Дмитрий Бушен много рассказывал о Грете Гарбо, с которой был дружен.
По словам Бушена, актриса была очень скромна, стеснялась своей популярности, часто носила широкополые шляпы, одевалась в синее, коричневое и розовое и в ресторанах пряталась от поклонников за последним угловым столиком, лицом к стене. Я лично сидел на кушетке, которую любила Грета Гарбо. В коллекции Гарбо было несколько живописных работ Бушена.
Он говорил о своей дружбе с Константином Сомовым и рекомендовал мне встретиться с его наследником Борисом Снежковским, чего по молодости лет я не сделал. Он был также знаком с княжной Натали Палей, в ту пору женой Люсьена Лелонга, для которого Дмитрий Дмитриевич рисовал много моделей. Но самая плотная коллаборация случилась у него с Домом моды «Nina Ricci», для которого он создавал не только платья, но и эскизы флаконов для духов – двух целующихся голубков на флаконе «L'Air du temps» видели все.
Дмитрий Бушен был очень дружен с Сержем Лифарём, тот заказывал у художника оформления начиная с 1947 года и для Гранд-Опера, и для «Жар-птицы» 1969 года в Лиссабоне. Один из костюмов – пачка по эскизам Бушена – находилась в личной коллекции Сержа Лифаря, ее продали на аукционе, и теперь она обрела новый дом в моем Фонде. Большинство ж прекрасных костюмов по эскизам Бушена для Гранд-Опера теперь хранятся в городе Мулен во Франции, в Национальном музее театральных костюмов, расположенном в бывших казармах, куда раньше любила наведываться молоденькая Шанель.
Наверное, самой удивительной была для меня его дружба с легендарной Валентиной Николаевной Саниной, музой Александра Вертинского, киевлянкой, ставшей модным нью-йоркским модельером, – ее биографию я очень подробно привожу в своей книге «Красота в изгнании». Бушен писал ее портреты, дружил с ее мужем импресарио Джорджем Шлее, с которым вместе учился в петербургской гимназии.
Бушен был также очень дружен с одной из фрейлин Зимнего дворца, княгиней Оболенской-Нелединской-Мелецкой, вел с ней большую переписку. Забавно рассказывал о том, что вдовствующая императрица Мария Федоровна не могла запомнить и выговорить ее фамилию и называла «Оболенская-немедленно-немецкая». Вся переписка этой фрейлины с Бушеном хранится в архиве Голландского института в Париже.

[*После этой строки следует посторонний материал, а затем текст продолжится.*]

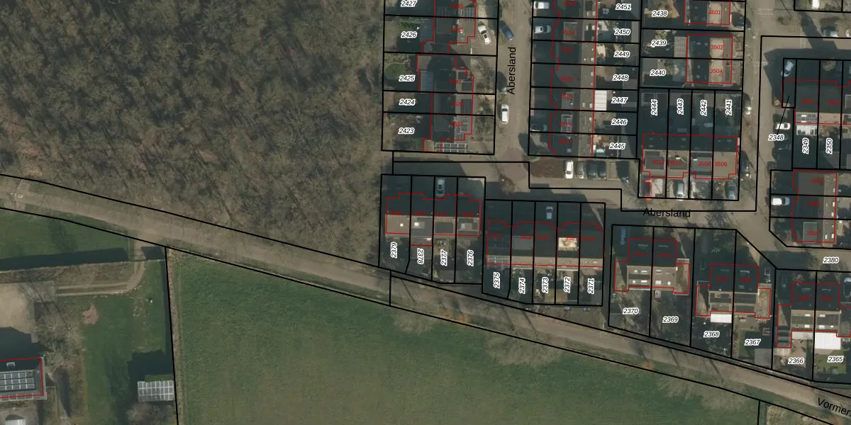 Abersland 3533 is gelegen op kadastraal perceel WCN00F2378. Deze kadastrale aanduiding is uniek en wordt gebruikt door het Kadaster om eigendomsrechten en andere zakelijke rechten vast te leggen. Het perceel maakt onderdeel uit van de kadastrale gemeente Wijchen.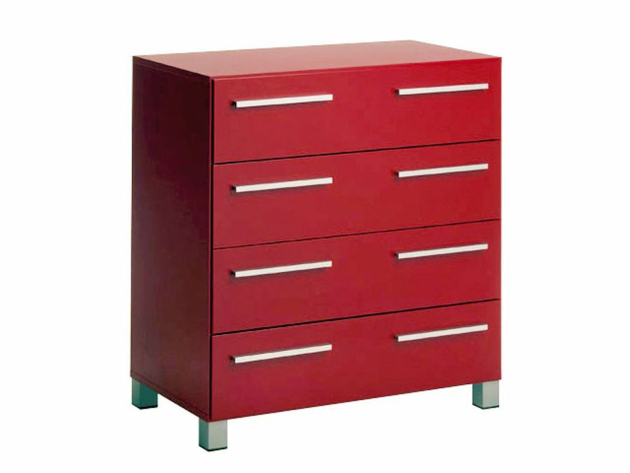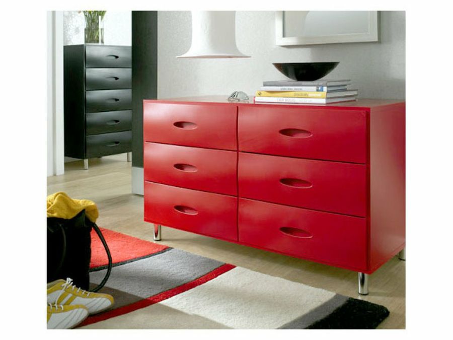 Rivia es otro ejemplo de la colección de Home Ideas. Una pieza lacada en rojo que se caracteriza por sus líneas rectas y sencillas. Posee cuatro amplios cajones en los que organizaremos, por ejemplo, la ropa de cama. Destacan los tiradores de metal a juego con las patas. Un mueble minimalista que combinará sin problemas con cualquier dormitorio.

Дмитрий Бушен обожал Венецию, много писал и рисовал ее. В моей квартире в Анталии висит большой масляный пейзаж «Ля доганы в Венеции», купленная мною у известного парижского коллекционера Жана-Луи Водуйе. Несколько записных книжек Бушена с видами этого потрясающего города хранятся в моем Фонде.
Я бывал у него довольно часто, однажды даже взял интервью для фильма «Русский балет без России», который снимало ленинградское телевидение с Эрленой Каракоз. Запись этой ленты у меня осталась на видеокассете VHS. Кроме Дмитрия Дмитриевича в съемках принимали участие балерины Нина Тихонова, внебрачная дочь Максима Горького, и Ольга Морозова, супруга полковника де Базиля.
После смерти ослепшего к концу жизни Сергея Эрнста Дмитрий Бушен был очень одинок и оставил все своему приемному сыну Паскалю, который полученное художественное наследие продал на аукционе.
В конце своих дней Бушен плохо слышал, но очень хорошо читал и блестяще помнил балет Серебряного века – Нижинского, Карсавину, Павлову. Он сделал все, чтобы привить и мне этот интерес, продлить ему жизнь и передать последующим поколениям. Он покинул этот бренный мир 12 февраля 1993 года в собственной квартире в Париже в физических муках и морально расстроенный, но память о его прекрасной душе и искусстве всегда со мной.
Эрте
Кого совершенно не выносили ни Добужинский, ни Бушен, так это Романа Петровича Тыртова – художника, прославившегося на весь мир под емким псевдонимом Эрте, возникшим из его инициалов. В отличие от своих коллег, Роман Петрович обожал светскую жизнь, постоянно посещал рестораны и светские рауты, был завсегдатаем русского кабаре Людмилы Лопато. Он пудрился, надевал крахмальные воротнички, очень любил бриллиантовые броши, носил парик, жилеты и приталенные пиджачки… Словом, походил на Дроссельмейера, выглядел очень гламурно и моложаво – в отличие от Добужинского и Бушена, которые не считали Эрте настоящим художником. Популистом – да, модным иллюстратором – безусловно, но художником… никогда! Людмила Лопато окрестила его «бабушкой Эрте».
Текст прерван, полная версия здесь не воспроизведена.